Gracjan Jaroch: Odpowiada mi styl gry Warty Poznań
– Stabilna forma przez całą rundę to był klucz do tego, że na półmetku jesteśmy liderem Fortuna 1 Ligi –...
– Stabilna forma przez całą rundę to był klucz do tego, że na półmetku jesteśmy liderem Fortuna 1 Ligi – uważa napastnik Warty Poznań Gracjan Jaroch i liczy na to, że w niedzielnym meczu ze Stalą Mielec powiększy swój dorobek bramkowy.

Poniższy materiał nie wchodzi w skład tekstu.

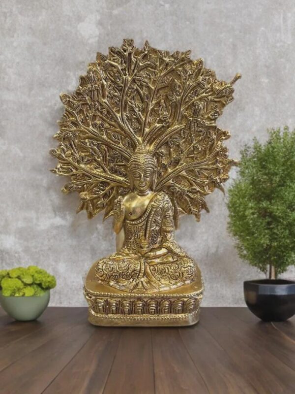 • Bring serenity and spiritual elegance into your space with this handcrafted Panchdhatu Buddha statue seated under the sacred Bodhi Tree. Symbolizing enlightenment, peace, and inner balance, this intricately detailed idol reflects traditional Indian craftsmanship with a rich antique finish.
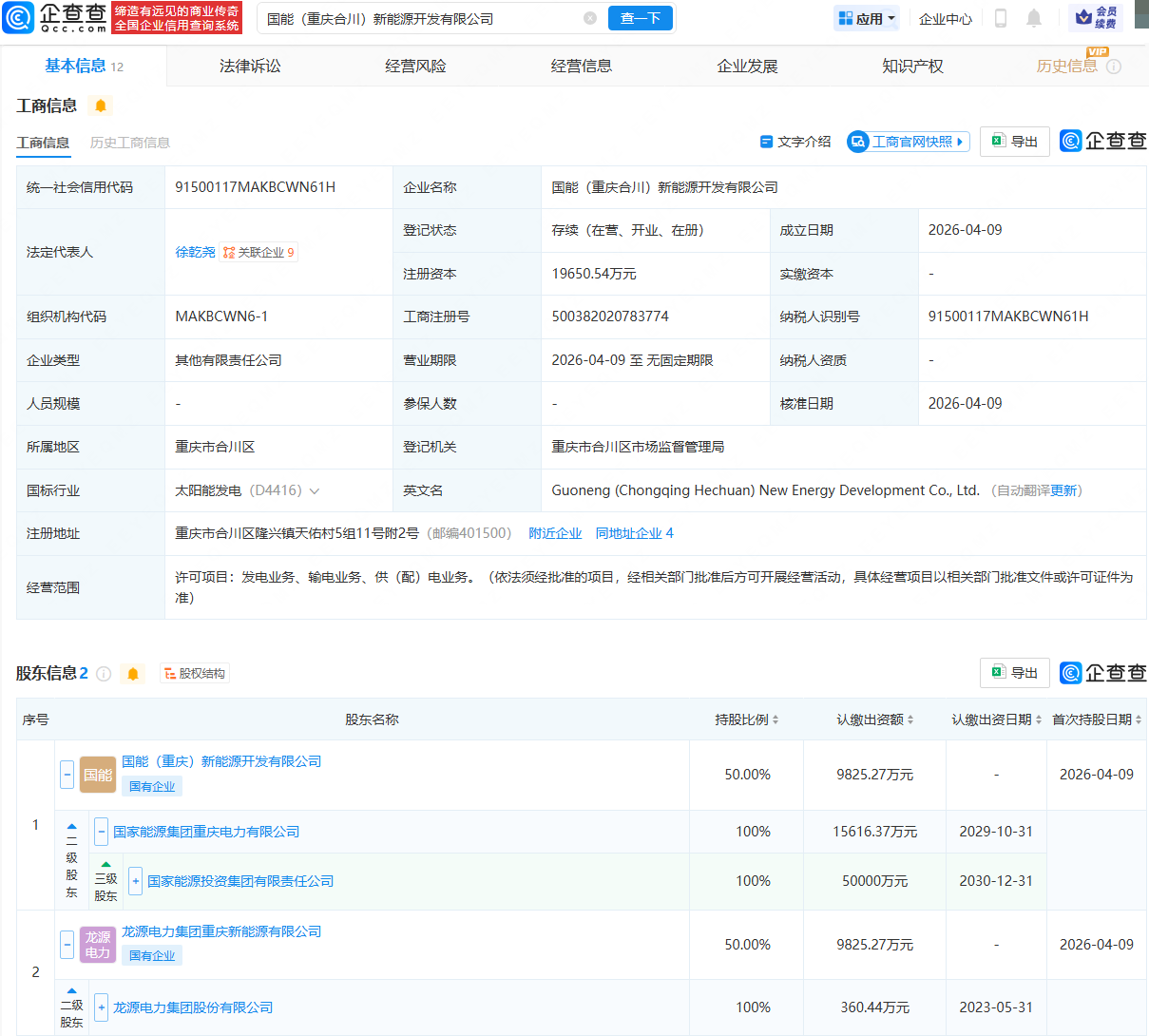 企查查APP显示,近日,国能(重庆合川)新能源开发有限公司成立,法定代表人为徐乾尧,注册资本为1.97亿元,经营范围包含:发电业务、输电业务、供(配)电业务。企查查股权穿透显示,该公司由龙源电力(001289)全资子公司龙源电力集团重庆新能源有限公司、国家能源投资集团有限责任公司旗下国能(重庆)新能源开发有限公司共同持股。

Przeczytaj, co jeszcze powiedział piłkarz “Zielonych” podczas piątkowego spotkania z dziennikarzami:
– Liczyliśmy przed sezonem na to, że będzie dobrze, ale na pewno nie spodziewaliśmy się, że aż tak. Mieliśmy takie ciche marzenie, że będziemy w czołówce, bo przecież każdy gra o jak najwyższe cele. Może nie zakładaliśmy sobie aż tak śmiałych celów, ale liga wszystko zweryfikowała korzystnie dla nas. Z tego możemy się tylko cieszyć. Zajmujemy miejsce w czołówce od dawna, teraz jesteśmy liderem. To efekt naszej regularnej gry w trakcie całego sezonu. Nie mieliśmy póki co okresu, w którym przegralibyśmy dwa mecze z rzędu i myślę, że to właśnie stabilna forma była kluczowa, bo dzięki niej ani na chwilę nie zwątpiliśmy w to, że idziemy w dobrym kierunku. Z tygodnia na tydzień czuliśmy się coraz mocniejsi i szliśmy do przodu.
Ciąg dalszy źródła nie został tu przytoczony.